"One could not think of oneself at such a time. For Evelyn it was terrible. To be there on the spot, and to see him! But even my father could not keep her back."

"And since then she has been—"

"Very, very sad. I don't think I should have expected—But nobody ever knows beforehand. She seems to feel that everything is gone, and that her life is at an end."

"You would not have expected what?"

"Ought I to say it? One feels some things that one does not like to speak out. Only—to you—may I not? He was so good and kind—but still so very much older, and different in every way. Yet now one might fancy that her life had been perfect; even though one knows how things really were."

"The manner of her loss must have intensified it. The shock and suddenness—"

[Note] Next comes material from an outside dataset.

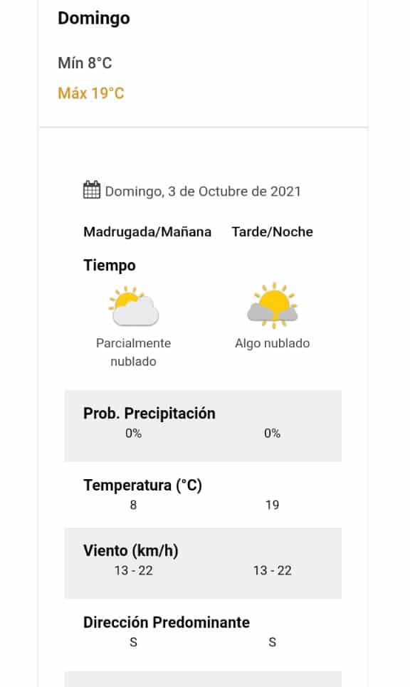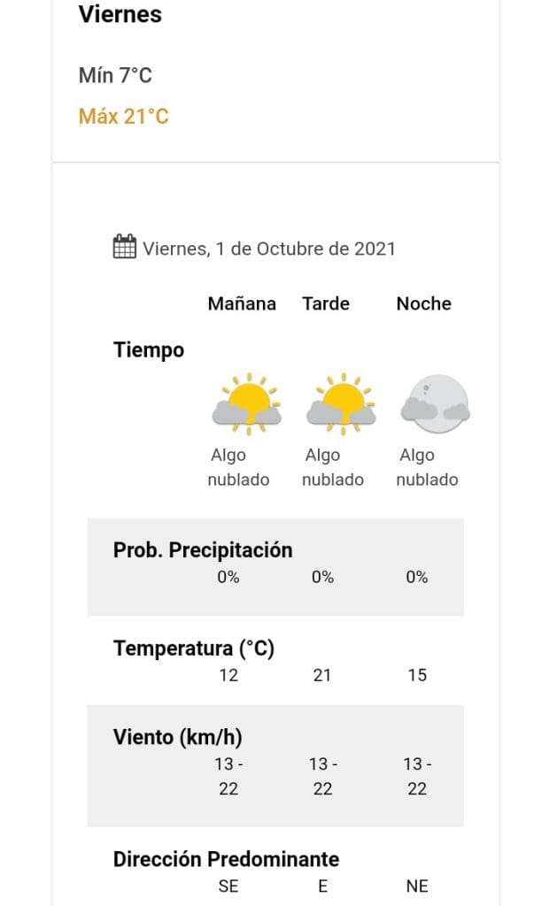 Mientras tanto, viernes y domingo se anuncian con buenas temperaturas y cielo algo nublado.

"I dare say that had something to do with her feeling. It was all very dreadful. It couldn't help being so. And besides—" Jean hesitated, falling into a slower walk. "I suppose it is sometimes worse to lose anybody, if—Worse in one way, I mean—"

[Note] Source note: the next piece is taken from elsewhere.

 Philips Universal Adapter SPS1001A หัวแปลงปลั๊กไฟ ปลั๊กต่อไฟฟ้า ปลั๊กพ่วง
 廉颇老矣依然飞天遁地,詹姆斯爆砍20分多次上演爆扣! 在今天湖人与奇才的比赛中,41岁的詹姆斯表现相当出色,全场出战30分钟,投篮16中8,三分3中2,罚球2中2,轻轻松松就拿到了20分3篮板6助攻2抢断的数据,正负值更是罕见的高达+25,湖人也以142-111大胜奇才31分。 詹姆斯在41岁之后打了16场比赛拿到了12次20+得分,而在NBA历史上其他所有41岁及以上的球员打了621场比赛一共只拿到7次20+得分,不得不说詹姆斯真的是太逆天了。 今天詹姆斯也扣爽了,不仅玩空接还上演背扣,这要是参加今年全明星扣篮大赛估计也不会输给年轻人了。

"If there has not been perfect oneness? If there has been friction?"

"Yes, I see you understand. I didn't half like to say it—unless you knew . . . Evelyn seems to feel that she must do every single thing, exactly as he would have wished. She reads all the little books and sermons that he liked. I suppose they helped him; but I don't believe they help her. And she has locked up some of her own books, which do help her, because he didn't like them. And she always goes to St. John's—twice every Sunday—never to our Church. And she tries so hard to like his friends better than her own."

Jem understood. "You see less of her now?"